* Problem statement
Leave out the pictures and copy each record below exactly.

* Given data
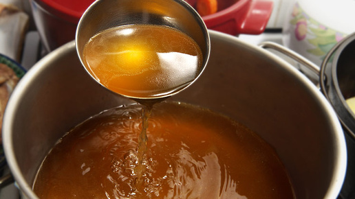 Жёлтый бульон служит основой всех прозрачных супов с гарнирами как русских, так и французских, как-то: суп с клецками, лапша, суп с фрикаделями, суп руаяль, жульен и проч...
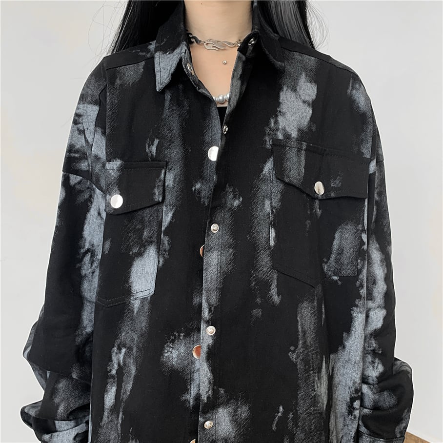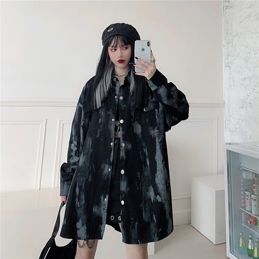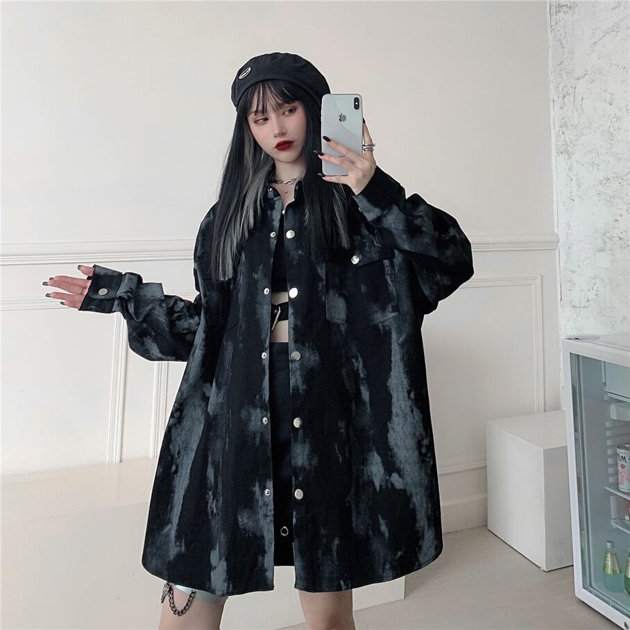 ins原宿スタイルレトロ絞り染め長袖トップルーズミドル丈シャツジャケットタイドのシャツ女性秋バージョン Brother_is_Style47480803183
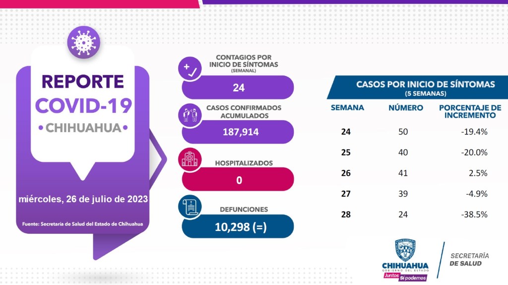El 27 de julio, el Gobierno del Estado, por medio de la Secretaría de Salud de Chihuahua, presentó el reporte actualizado del COVID-19 con datos recopilados hasta el 26 de julio de 2023. Hasta esa fecha, se han confirmado un total de 187,914 casos de COVID-19, con un aumento de 138 nuevos casos desde el último informe emitido el 28 de junio.
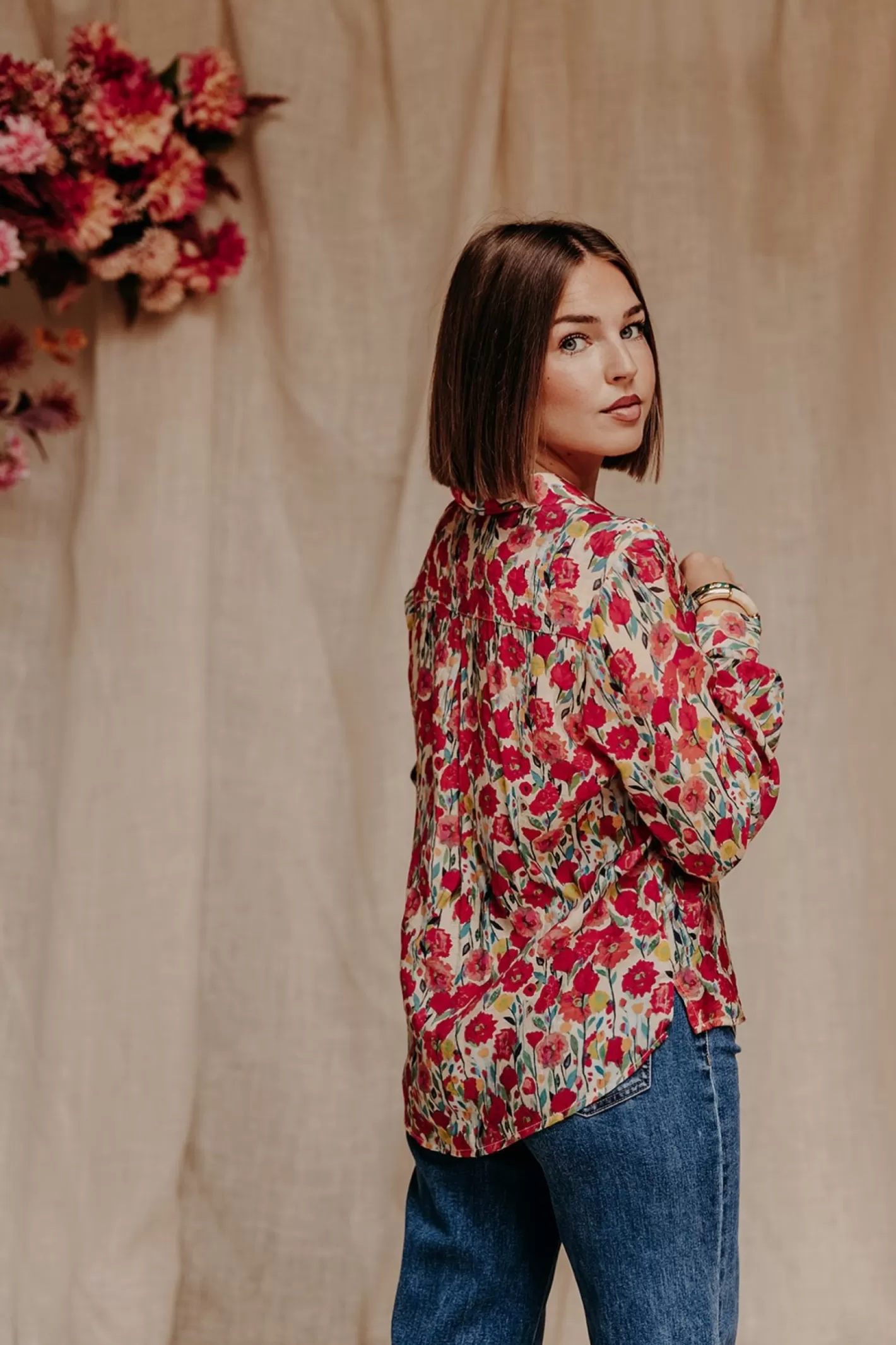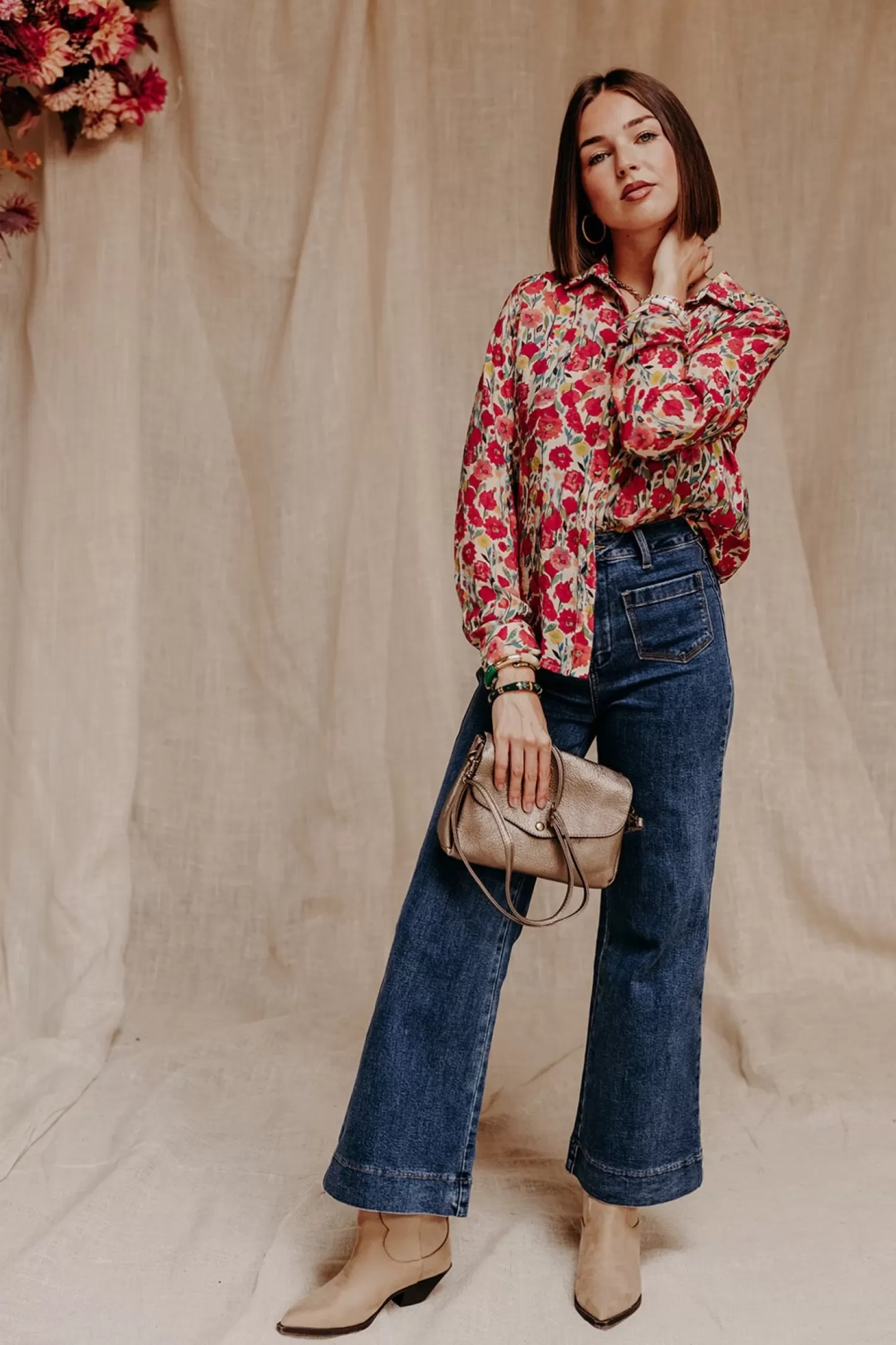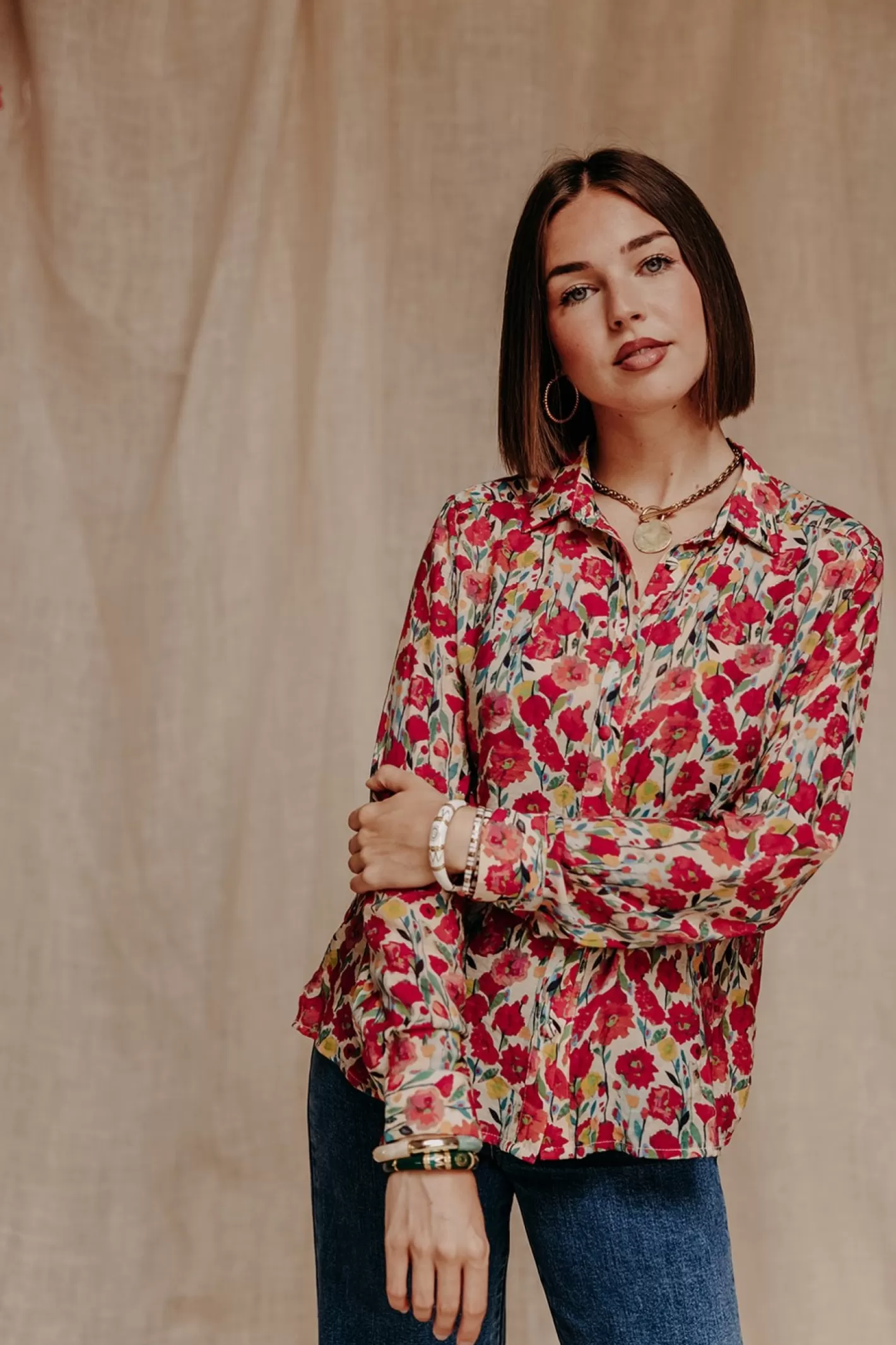 Dans la famille chemise, je voudrais les fleurs ! Voici EMY, un joli print bouquet délicatement posé sur une viscose. C’est facile, joyeux, pour tous les jours. Comme toujours ici ! On aime la porter avec un joli denim et des accessoires dorés.
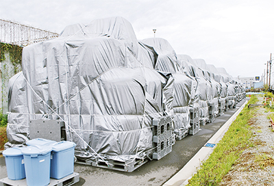 金沢区にある南部汚泥資源化センター(幸浦)には、約2万4400トンの汚泥焼却灰が保管されている(11月末現在)。埋め立て凍結で行き場を失った汚泥焼却灰が、敷地内の道路上にもあふれている状況だ。こうした保管量が増え続ける事態は解消される見通しだが、3月以前の約2万1500トンは当面、現況のまま保管するという。
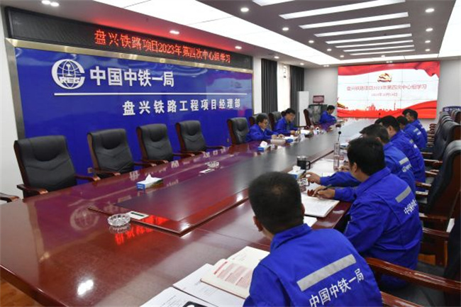 10月14日,中鐵一局盤興鐵路項目部組織全體黨員開展“以學促干 以學正風”主題教育專題研討會暨2023年第四次中心組學習會。

* Response
 Жёлтый бульон служит основой всех прозрачных супов с гарнирами как русских, так и французских, как-то: суп с клецками, лапша, суп с фрикаделями, суп руаяль, жульен и проч...
 ins原宿スタイルレトロ絞り染め長袖トップルーズミドル丈シャツジャケットタイドのシャツ女性秋バージョン Brother_is_Style47480803183
El 27 de julio, el Gobierno del Estado, por medio de la Secretaría de Salud de Chihuahua, presentó el reporte actualizado del COVID-19 con datos recopilados hasta el 26 de julio de 2023. Hasta esa fecha, se han confirmado un total de 187,914 casos de COVID-19, con un aumento de 138 nuevos casos desde el último informe emitido el 28 de junio.
 Dans la famille chemise, je voudrais les fleurs ! Voici EMY, un joli print bouquet délicatement posé sur une viscose. C’est facile, joyeux, pour tous les jours. Comme toujours ici ! On aime la porter avec un joli denim et des accessoires dorés.
 金沢区にある南部汚泥資源化センター(幸浦)には、約2万4400トンの汚泥焼却灰が保管されている(11月末現在)。埋め立て凍結で行き場を失った汚泥焼却灰が、敷地内の道路上にもあふれている状況だ。こうした保管量が増え続ける事態は解消される見通しだが、3月以前の約2万1500トンは当面、現況のまま保管するという。
 10月14日,中鐵一局盤興鐵路項目部組織全體黨員開展“以學促干 以學正風”主題教育專題研討會暨2023年第四次中心組學習會。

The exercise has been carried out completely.